Kitobni o'qish: «Николай Новиков. Его жизнь и общественная деятельность»

Shrift:

Биографический очерк С. Е. Усовой

С портретом Новикова, гравированным в Петербурге К. Адтом


ПРЕДИСЛОВИЕ

Николай Иванович Новиков представляет в истории русской литературы и просвещения такую крупную величину, которую не могут обойти молчанием историки нашей культуры. Уже одного этого достаточно, чтобы всякий образованный человек знал его; но этого мало: он представляет еще и другой интерес как замечательный тип человека, в котором жило страстное стремление к добру и свету и в характере которого лежал запас такой энергии, какая редко встречается. Новиков не блещет какими-нибудь резкими поступками и яркими индивидуальными чертами: его сплошь и рядом даже не видно как отдельную фигуру, он как-то стушевывается и тонет в общественном деле, которое делает тихо, спокойно, систематически из года в год и которое ставит выше всего. Объясняется это, как нам кажется, его чисто русской склонностью действовать не в одиночку, а сообща, кружком: он никогда не действовал один, а всегда окружал себя друзьями и близкими по духу людьми. В петербургском периоде его жизни он еще виднее, хотя также вы видите только его издания и не знаете, что именно там писал он сам. В московский период, когда его окружали Шварц, Лопухин, Походяшин и другие, в том или ином отношении выдающиеся люди, – он еще меньше заметен, хотя и не перестает работать и играть первенствующую роль. Не менее интересна также и его судьба на мрачном фоне конца XVIII и начала XIX столетий. К сожалению, о Новикове далеко еще не все известно, и такие подробные исследования, как Лонгинова и Незеленова, заключают в себе немало пробелов. Так, например, мы очень мало знаем о домашней и семейной жизни Николая Ивановича, о том, какие именно статьи в издававшихся журналах принадлежат его перу, не знаем подробностей производившегося над ним следствия и т. п. Хотя после исследования Лонгинова в трудах русского исторического общества и появились очень ценные документы из архива Шешковского, но они отличаются отрывочностью и неполнотой.

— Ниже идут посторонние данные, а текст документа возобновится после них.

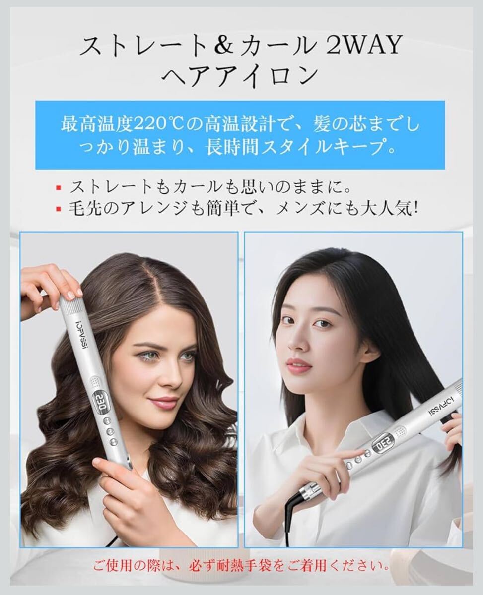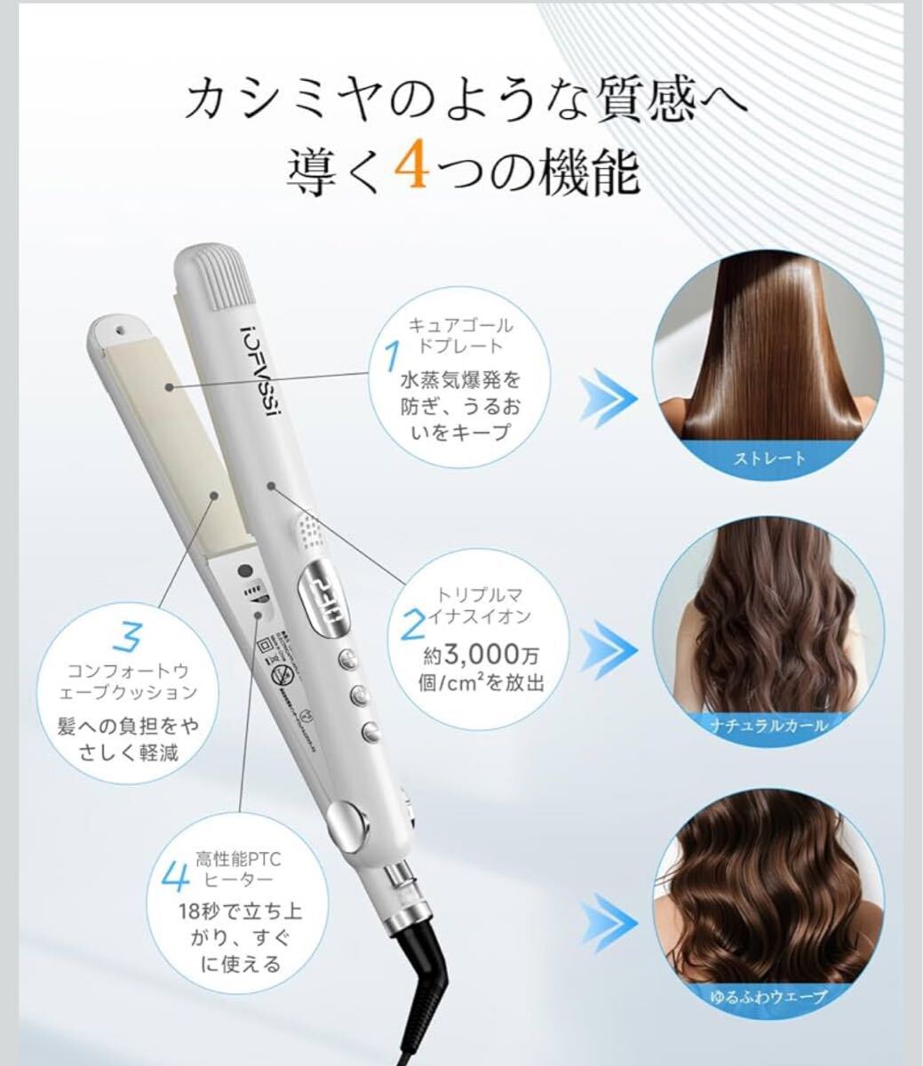 扱いやすいの設計:滑りすぎず引っかかりにくい、絶妙なプレートの質感で、初心者でもスムーズに操作できます。髪をしっかり挟みやすく、1回の通しでまとまりやすいため、時短スタイリングに役立ちます。忙しい朝や外出前の手直しにも便利で、日常使いに適したヘアアイロンです。

Кроме вышеуказанных источников, мы заглянули и в другие, где могли что-либо найти о Новикове, но, само собою разумеется, отмеченных пробелов не устранили.

ГЛАВА I

Благочестивая семья. – Служба Новикова в Измайловском полку. – Занятия в комиссии депутатов. – Жизнь русского поместного дворянства в то время. – Новиков выходит в отставку и посвящает себя просветительской деятельности. – Первые русские журналы и газеты


Николай Иванович Новиков родился 27 апреля 1744 года в родовом поместье отца своего, отставного статского советника Ивана Васильевича, в селе Авдотьине Коломенского уезда Московской губернии. Отец Новикова служил при императоре Петре I во флоте, а затем, при Анне Иоанновне, в чине капитана перешел в статскую службу; при императрице Елизавете Петровне он вышел в отставку статским советником. У Ивана Васильевича было порядочное состояние: 700 душ крестьян, частью в Калужской, частью в Московской губерниях, и деревянный дом в Москве у Серпуховских ворот. После его смерти состояние это перешло к жене, а от нее к детям, которых у Ивана Васильевича, кроме сына Николая, было еще трое: сын Алексей, моложе Николая Ивановича, и две дочери.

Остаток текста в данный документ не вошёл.